Going to book fairs as I do, it’s inevitable that poets approach me for advice on how to find a publisher for their work. It takes a lot of courage to ask to be published, and I recognise that – it’s how I got started – so I’m happy to try to explain how I work in choosing an author to publish in the Calder Wood Press family. My two major constraints are time and money – a common theme. I overdid it recently by publishing 8 titles per year in 2009 and 2010, and I’m trying to be sensible about not taking on more books than I can promote and sell. (I’m still catching up). I’m not subsidised: never tried and never will. Au contraire, my pension subsidises my publishing output, so why should I take a punt on a new author? Every publisher is different, but here are my reasons:
Above all else, I have to like your poetry. It has to be well-written, demonstrating the author’s writing skills. It has to be original, a fresh voice, saying something new or in a new way. It mustn’t be clichéd. It must say something to me personally.

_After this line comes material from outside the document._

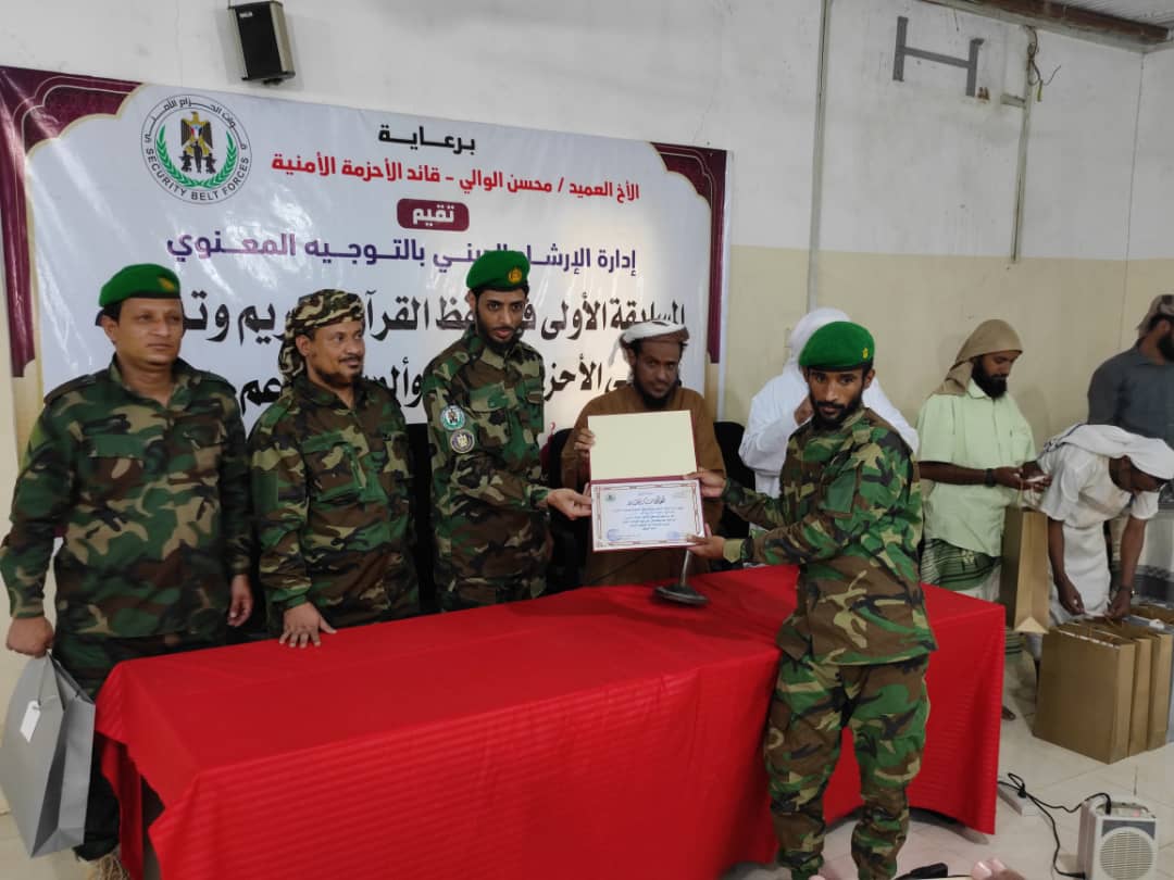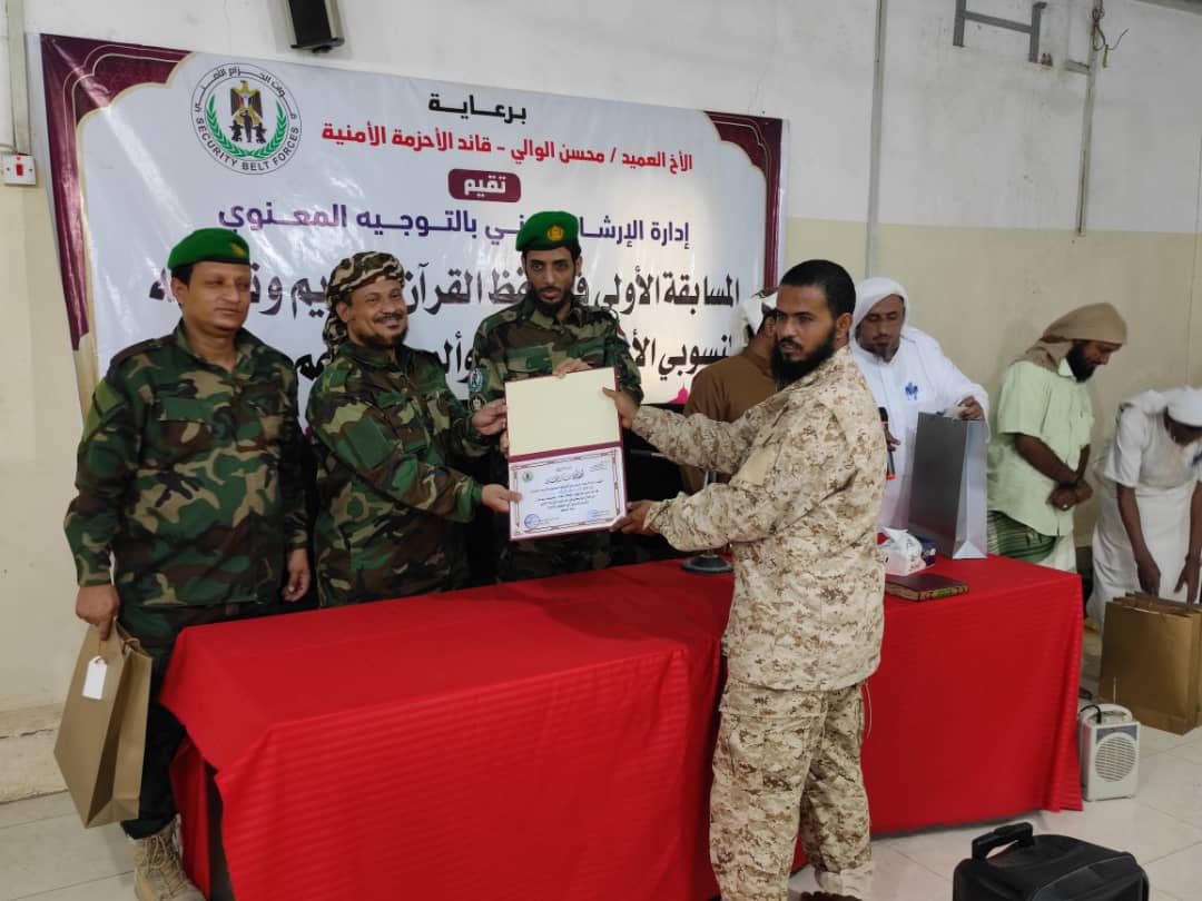 وتنافس أكثر من عشرون حافظاً للقرآن الكريم على المركز الأول ثلاث فئات ( حفاظ المصحف كاملا، وحفاظ 15 جزء، وحفاظ 5 أجزاء ) في المسابقة الاولى التي اقامتها إدراة الإرشاد الديني، بدائرة التوجيه المعنوي لقوات الحزام الأمني.

And I have to like what’s being said.
You have to have a track record of publication in recognised magazines. It’s very hard to sell a book by someone who is completely unknown to potential buyers (my fingers have been burned a couple of times). If they know your name from seeing it in a magazine, it becomes much easier. That’s the way poets of my generation got their first books published, and the merry-go-round of submitting, being rejected, and submitting again elsewhere hones your self-critical skills, if nothing else.
I have to have heard you read in public, and to know that you are a good reader. The way the poetry publishing world is these days, each poet is part of the publisher’s sales and promotion team. In my case, since CWP is a one-person organisation, it’s crucial that the poets are enthusiastic about building and sustaining audiences for their work, and a major part of sales happen at readings. Besides which, readings are enjoyable for authors and audience alike.
I have to like you. Putting a book together builds a relationship between author and publisher. The way I work with authors involves continuing co-operation and agreement, from the selection of material, editing text, sequencing content, typography, page layout, book and cover design. If I sense that an author and I are going to have difficulties over these things, there’ll be no book. (I’ll be 70 next year, and life is too short.) The relationship doesn’t stop when the book is printed; it continues through the launch, reviews, readings and so on. Even after the edition is sold out, the authors and I maintain our friendships. These relationships are rooted in trust, respect and affection, and I value them highly. I’ve said it’s a family, and that’s what it still feels like. If it didn’t I’d stop doing it.